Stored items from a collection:
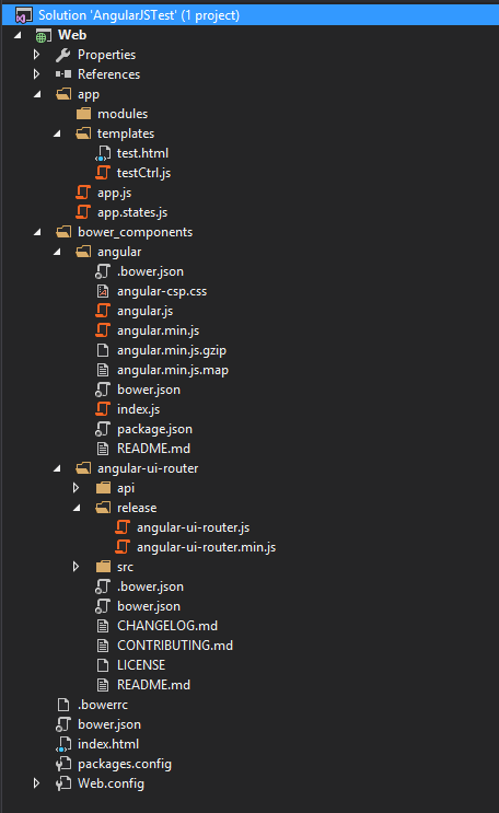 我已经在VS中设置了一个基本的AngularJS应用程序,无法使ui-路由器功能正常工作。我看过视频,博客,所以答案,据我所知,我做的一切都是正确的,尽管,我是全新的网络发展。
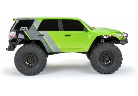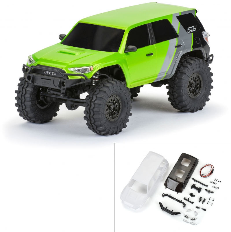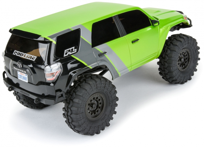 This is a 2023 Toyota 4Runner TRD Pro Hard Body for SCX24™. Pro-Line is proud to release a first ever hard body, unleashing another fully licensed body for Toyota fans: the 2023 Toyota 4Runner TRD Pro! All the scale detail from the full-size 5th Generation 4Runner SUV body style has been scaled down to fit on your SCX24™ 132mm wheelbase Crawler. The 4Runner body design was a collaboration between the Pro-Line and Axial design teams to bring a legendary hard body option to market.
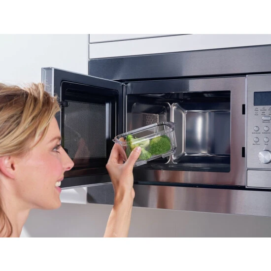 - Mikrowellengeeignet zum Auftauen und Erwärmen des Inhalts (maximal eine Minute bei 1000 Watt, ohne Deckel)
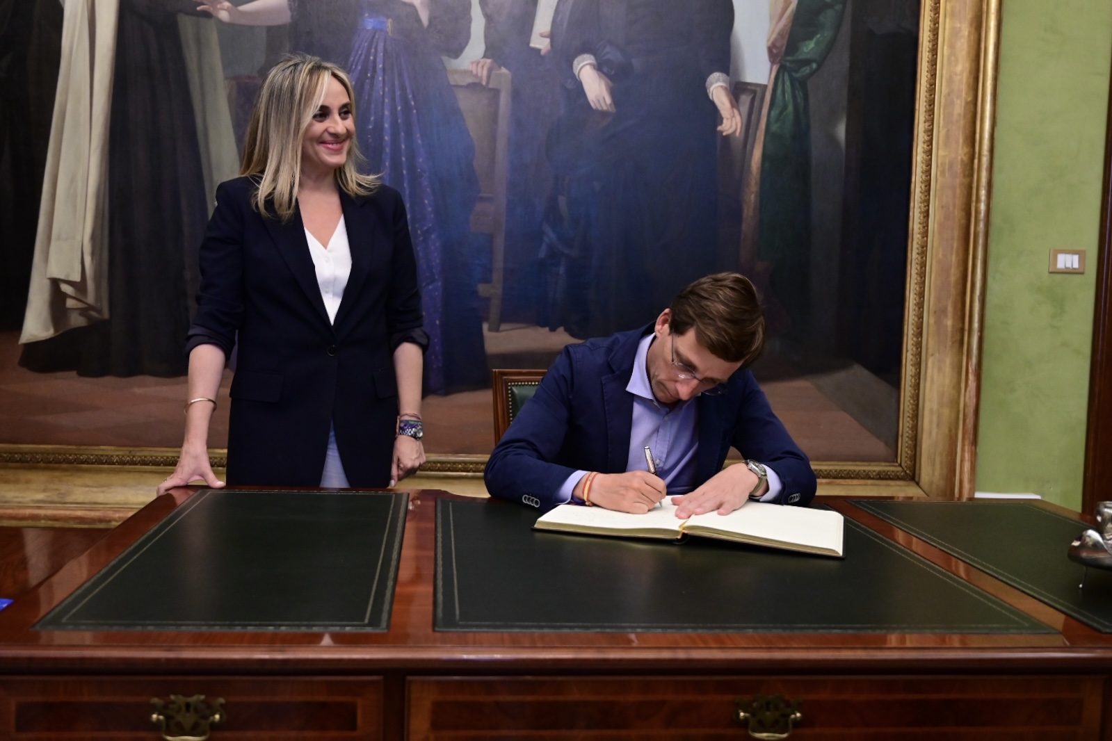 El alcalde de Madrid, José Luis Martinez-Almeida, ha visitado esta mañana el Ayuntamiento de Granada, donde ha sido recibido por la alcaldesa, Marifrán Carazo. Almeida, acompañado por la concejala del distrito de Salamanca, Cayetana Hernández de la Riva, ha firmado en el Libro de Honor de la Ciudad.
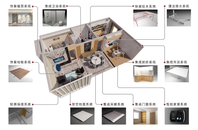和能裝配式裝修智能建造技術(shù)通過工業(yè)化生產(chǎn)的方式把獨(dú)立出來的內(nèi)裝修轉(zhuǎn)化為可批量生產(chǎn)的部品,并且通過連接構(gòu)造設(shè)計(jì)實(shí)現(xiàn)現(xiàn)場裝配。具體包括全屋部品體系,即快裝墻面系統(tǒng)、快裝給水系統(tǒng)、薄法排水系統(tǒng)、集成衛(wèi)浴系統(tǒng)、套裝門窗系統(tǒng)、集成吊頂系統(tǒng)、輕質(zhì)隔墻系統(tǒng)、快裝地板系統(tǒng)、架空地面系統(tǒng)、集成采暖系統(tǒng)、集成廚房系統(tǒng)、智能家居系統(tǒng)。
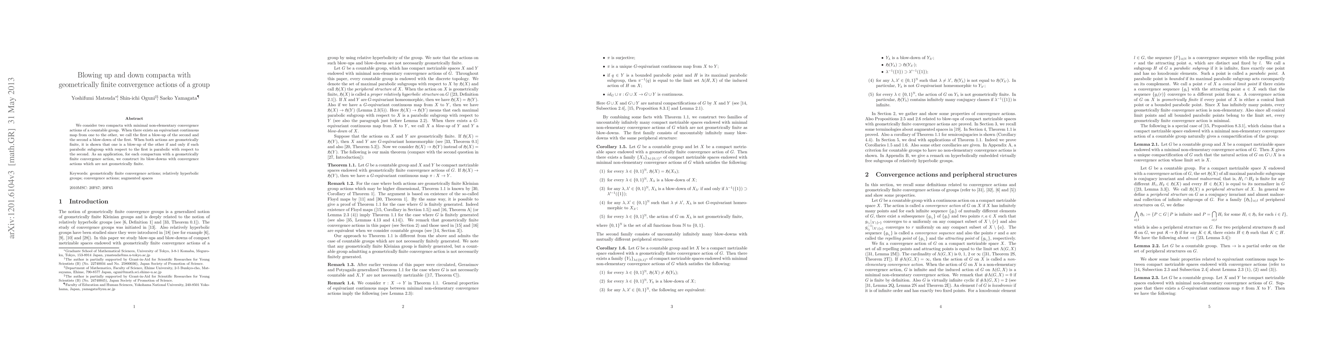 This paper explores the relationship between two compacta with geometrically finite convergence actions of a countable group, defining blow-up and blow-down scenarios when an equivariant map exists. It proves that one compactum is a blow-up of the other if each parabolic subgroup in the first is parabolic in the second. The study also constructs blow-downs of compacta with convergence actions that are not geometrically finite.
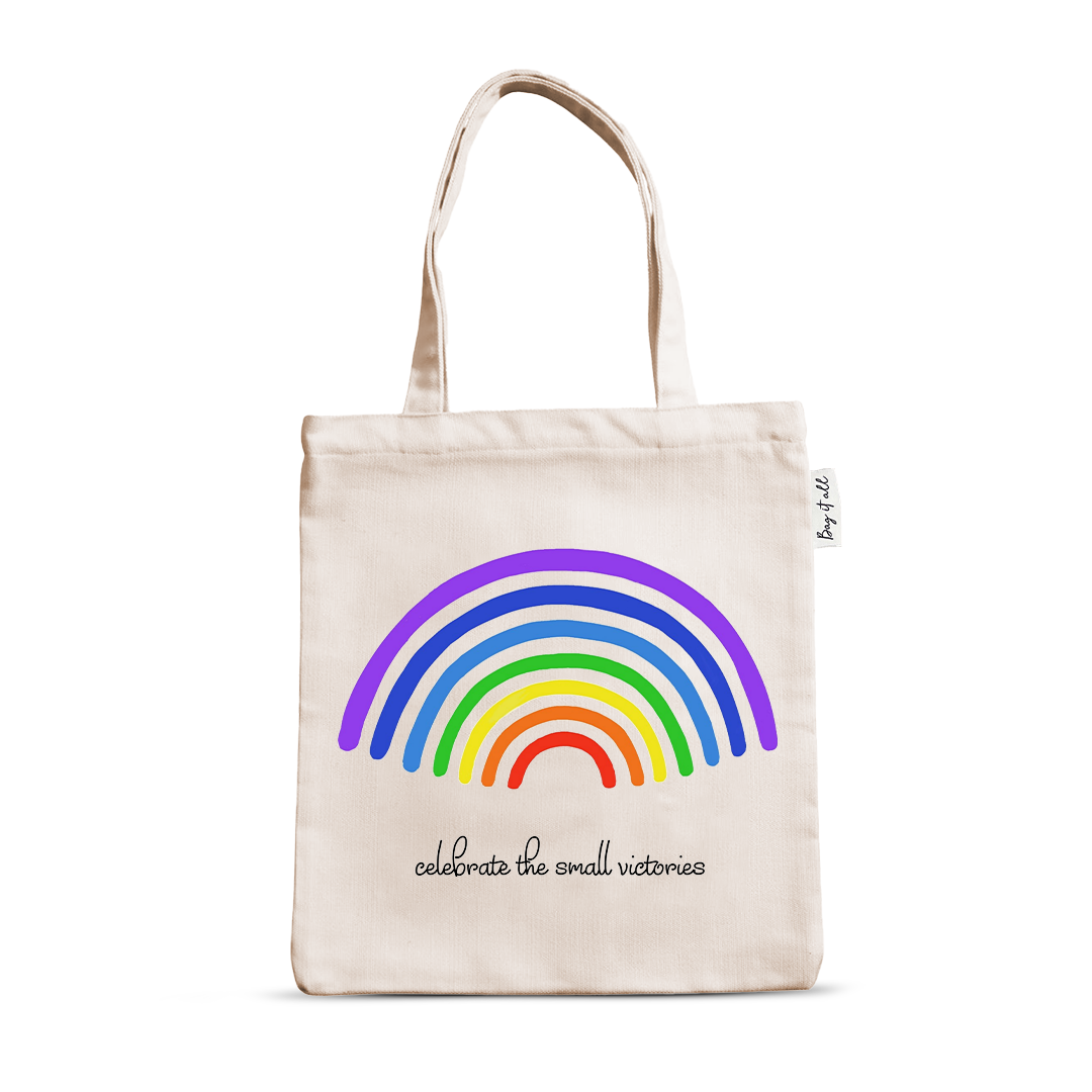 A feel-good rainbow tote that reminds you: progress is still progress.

**Problem description:**
Please repeat the data verbatim and leave the pictures out of your copy.

**Written reply:**
 我已经在VS中设置了一个基本的AngularJS应用程序,无法使ui-路由器功能正常工作。我看过视频,博客,所以答案,据我所知,我做的一切都是正确的,尽管,我是全新的网络发展。
 This is a 2023 Toyota 4Runner TRD Pro Hard Body for SCX24™. Pro-Line is proud to release a first ever hard body, unleashing another fully licensed body for Toyota fans: the 2023 Toyota 4Runner TRD Pro! All the scale detail from the full-size 5th Generation 4Runner SUV body style has been scaled down to fit on your SCX24™ 132mm wheelbase Crawler. The 4Runner body design was a collaboration between the Pro-Line and Axial design teams to bring a legendary hard body option to market.
 - Mikrowellengeeignet zum Auftauen und Erwärmen des Inhalts (maximal eine Minute bei 1000 Watt, ohne Deckel)
 El alcalde de Madrid, José Luis Martinez-Almeida, ha visitado esta mañana el Ayuntamiento de Granada, donde ha sido recibido por la alcaldesa, Marifrán Carazo. Almeida, acompañado por la concejala del distrito de Salamanca, Cayetana Hernández de la Riva, ha firmado en el Libro de Honor de la Ciudad.
和能裝配式裝修智能建造技術(shù)通過工業(yè)化生產(chǎn)的方式把獨(dú)立出來的內(nèi)裝修轉(zhuǎn)化為可批量生產(chǎn)的部品,并且通過連接構(gòu)造設(shè)計(jì)實(shí)現(xiàn)現(xiàn)場裝配。具體包括全屋部品體系,即快裝墻面系統(tǒng)、快裝給水系統(tǒng)、薄法排水系統(tǒng)、集成衛(wèi)浴系統(tǒng)、套裝門窗系統(tǒng)、集成吊頂系統(tǒng)、輕質(zhì)隔墻系統(tǒng)、快裝地板系統(tǒng)、架空地面系統(tǒng)、集成采暖系統(tǒng)、集成廚房系統(tǒng)、智能家居系統(tǒng)。
 This paper explores the relationship between two compacta with geometrically finite convergence actions of a countable group, defining blow-up and blow-down scenarios when an equivariant map exists. It proves that one compactum is a blow-up of the other if each parabolic subgroup in the first is parabolic in the second. The study also constructs blow-downs of compacta with convergence actions that are not geometrically finite.
 A feel-good rainbow tote that reminds you: progress is still progress.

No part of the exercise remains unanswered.